### What the task asks
Please copy exactly the line that contains "Soft Pottery Flower" and every line after it through the end of the records, leaving the pictures out.

### Records supplied
◆ ◆ ◆ ◆
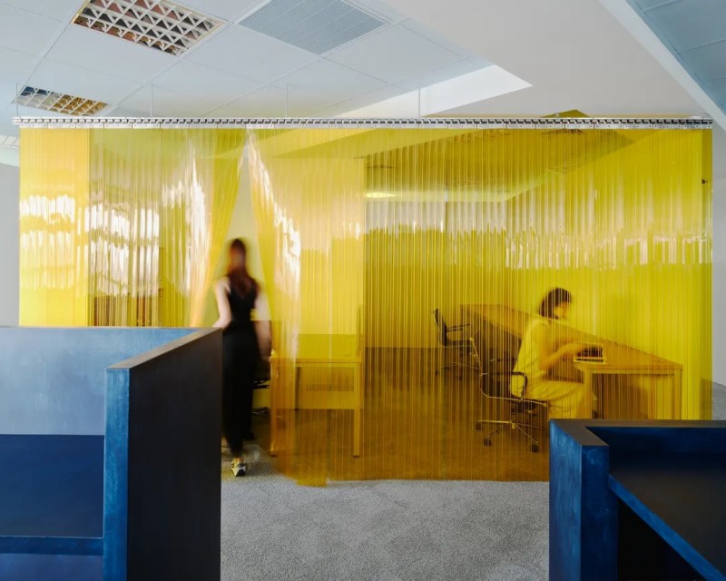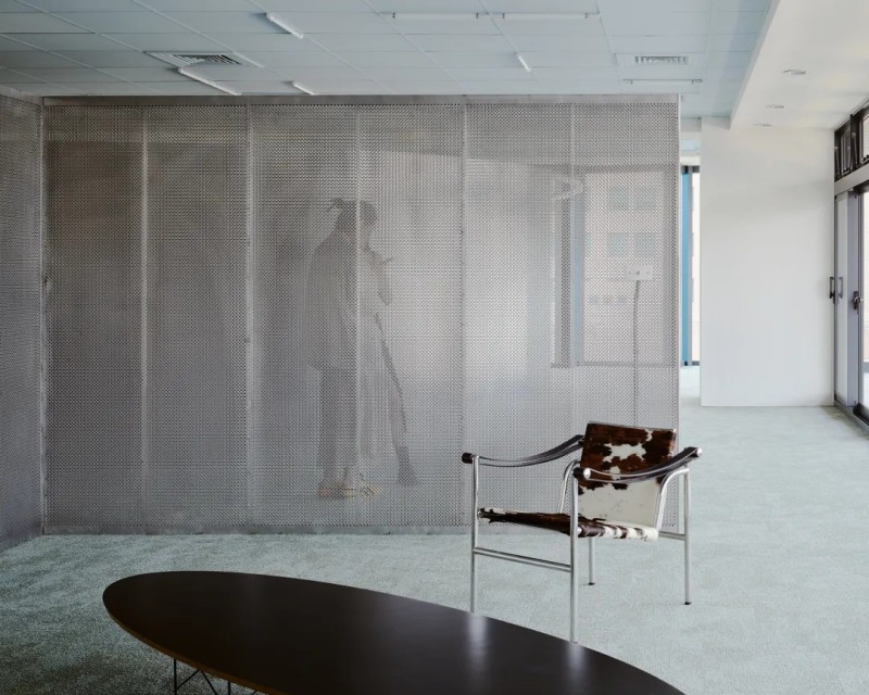 為此,設計師將入口臨窗西曬側設定為短暫停留的動線區(qū),讓工作位置脫開日曬范圍,別于傳統(tǒng)接待柜臺及等候區(qū)模組,我們設計幾座高背座椅建構這段過度空間,這些看似隨機的塊面如雕塑錯落于窗邊,比固定隔間更具靈活性,其造型易于控制屏蔽比重又能遮陽,訪客候位可于椅陰影乘涼,業(yè)主也能利用如墻形式配置品牌訊息。
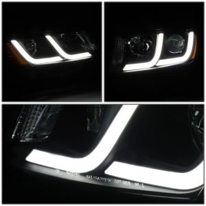 14-16 Jeep Grand Cherokee LED DRL Projector Headlights – Black Housing Amber Corner
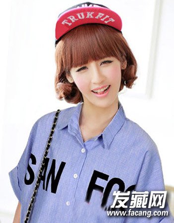 的设计,将刘海裁剪齐平,发尾的小卷显得灵动时尚,而且搭配上棒球帽更显时尚与个性感。
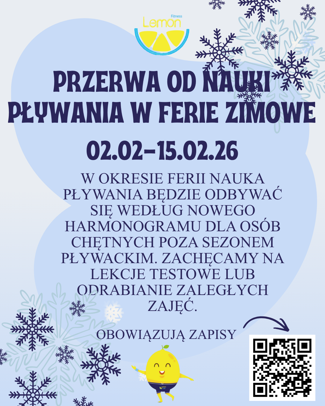 W związku z feriami zimowymi informujemy, że w terminie 02.02–15.02.2026 następuje przerwa w regularnych zajęciach nauki pływania.
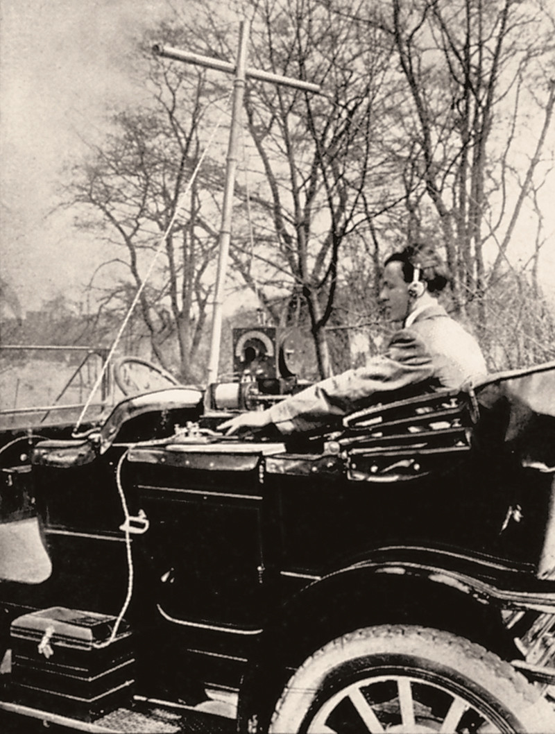 По сообщению английских газет, в Лондоне вполне успешно произведено испытание с новым радиотелефонным аппаратом, установленным в обыкновенном автомобиле (см. снимок). Дальность такого аппарата распространяется на радиус около 100 миль, а энергия получается от обыкновенных автомобильных аккумуляторов.
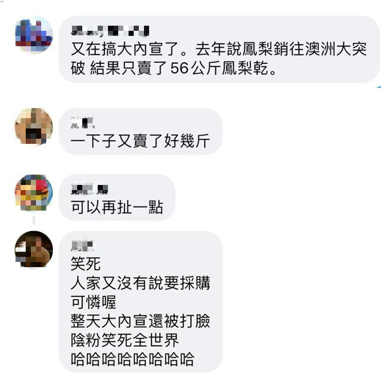 對於台當局這番自我炒作的行為,有網友批評諷刺説,“又在搞大內宣了。去年説鳳梨銷往澳大利亞大突破,結果只買了56公斤鳳梨乾”“一下子又賣好幾斤”。↓
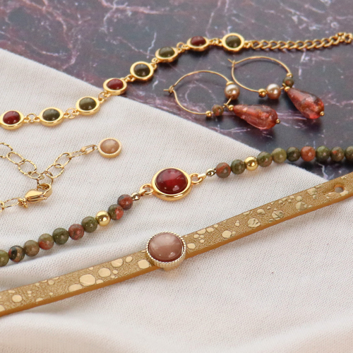 Bevor Sie einen Cabochon in eine Fassung kleben, müssen Sie zuerst entscheiden, was Sie mit dem Cabochon machen wollen. Dann entscheiden Sie sich für einen Anhänger oder ein Zwischenstück. Verwenden Sie zum Beispiel nur Zwischenstücke, um ein Armband nur aus Cabochons herzustellen, oder kombinieren Sie einen Cabochon mit Natursteinperlen, die Sie auf ein Makramee-Band auffädeln. Die Cabochons sehen auch in Kombination mit den Cuoio-Lederarmbändern aus unserer Kollektion hervorragend aus. Verwandeln Sie die Perlen in schöne Anhänger, die Sie als weiteren Blickfang an eine Kette hängen.
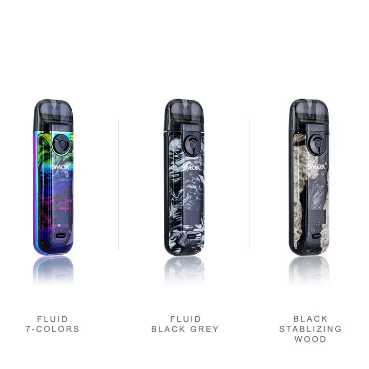 SMOK NOVO 4 25W Pod System has a Side Fill System with Silicone Stopper, which enables you to quickly and easily refill your favorite e-juice or nicotine salts. And thanks to Magnetic Pod Connection, you can do that just in seconds. Ergonomic Mouthpiece fits perfectly and allows you to enjoy each puff you take. The device is also equipped with a 0.49″ OLED Display Screen, which shows all the crucial information about the current settings. It is important to note that SMOK NOVO 4 Pod System features plenty of protection systems, and among them, you can find 8s Overtime Protection, Short Circuit Protection, Low Voltage Protection, and Lithium-Ion Protection. Excellent performance and durability are not all this device has to offer! The brand made sure to focus on design as well, and they have prepared plenty of colorful options for their clients. Vapers can choose from 10 gorgeous finishes of pod system. Among the available models, you will find Blue Gray Cobra, Cyan Pink Cobra, Red Stabwood, Black Stabwood, Black Carbon, Silver Carbon, Fluid Black Gray, Fluid 7 Color, Black Armor, and White Armor.
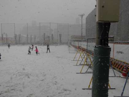 雪がつもり子ども達は,大喜びです。雪で楽しそうに遊んでいます。
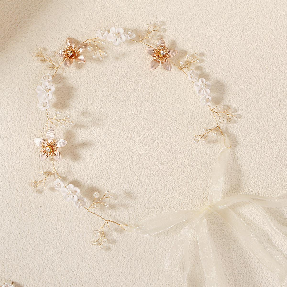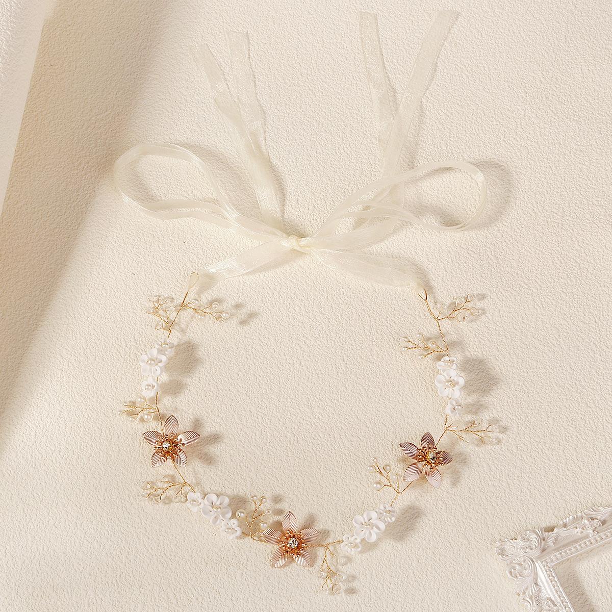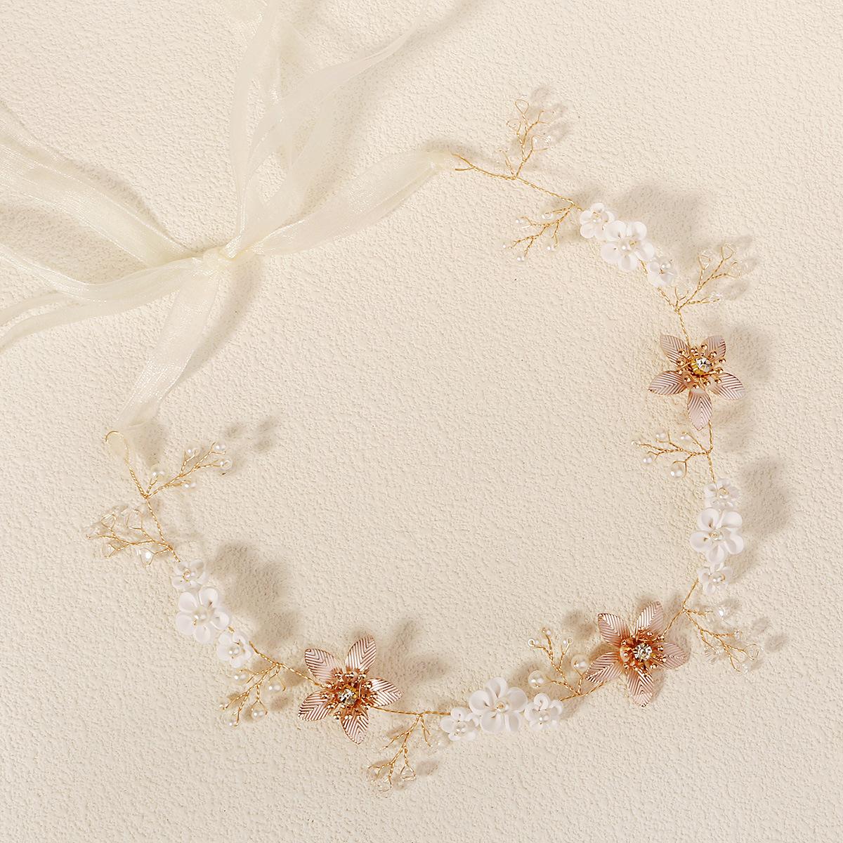 Soft Pottery Flower Crystal Handmade Beaded Copper Wire Pearl Strap Soft Chain Hair Band
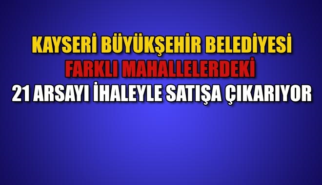 Kayseri Büyükşehir Belediyesi, farklı mahallelerdeki 21 arsayı ihaleyle satışa çıkarıyor. Arsa ihaleleri 12 Haziran Çarşamba günü yapılacak.
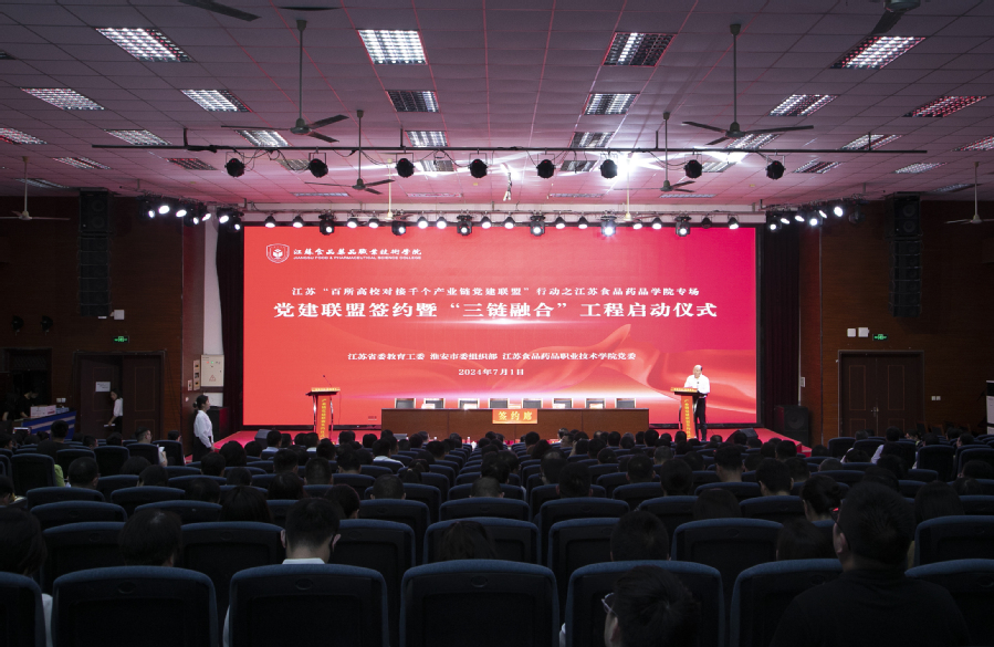 在举国上下热烈庆祝中国共产党成立103周年之际,为深入贯彻习近平总书记关于“江苏要在强链补链延链上展现新作为”重大要求,7月1日下午,澳洲10手机版在教学楼C115举行党建联盟签约暨“三链融合”工程启动仪式,全面启动江苏“百所高校对接千个产业链党建联盟”行动之澳洲10手机版专场。淮安市委组织部副部长、市委党建办副主任赵进、省委教育工委组织处副处长张锦文、淮安市委组织部组织三处处长李涛、淮安经济技术开发区党群工作部企业工委书记孙金磊、全体校领导出席活动。仪式由校党委副书记安进主持。
◆ ◆ ◆ ◆
### Written reply
 Soft Pottery Flower Crystal Handmade Beaded Copper Wire Pearl Strap Soft Chain Hair Band
 Kayseri Büyükşehir Belediyesi, farklı mahallelerdeki 21 arsayı ihaleyle satışa çıkarıyor. Arsa ihaleleri 12 Haziran Çarşamba günü yapılacak.
 在举国上下热烈庆祝中国共产党成立103周年之际,为深入贯彻习近平总书记关于“江苏要在强链补链延链上展现新作为”重大要求,7月1日下午,澳洲10手机版在教学楼C115举行党建联盟签约暨“三链融合”工程启动仪式,全面启动江苏“百所高校对接千个产业链党建联盟”行动之澳洲10手机版专场。淮安市委组织部副部长、市委党建办副主任赵进、省委教育工委组织处副处长张锦文、淮安市委组织部组织三处处长李涛、淮安经济技术开发区党群工作部企业工委书记孙金磊、全体校领导出席活动。仪式由校党委副书记安进主持。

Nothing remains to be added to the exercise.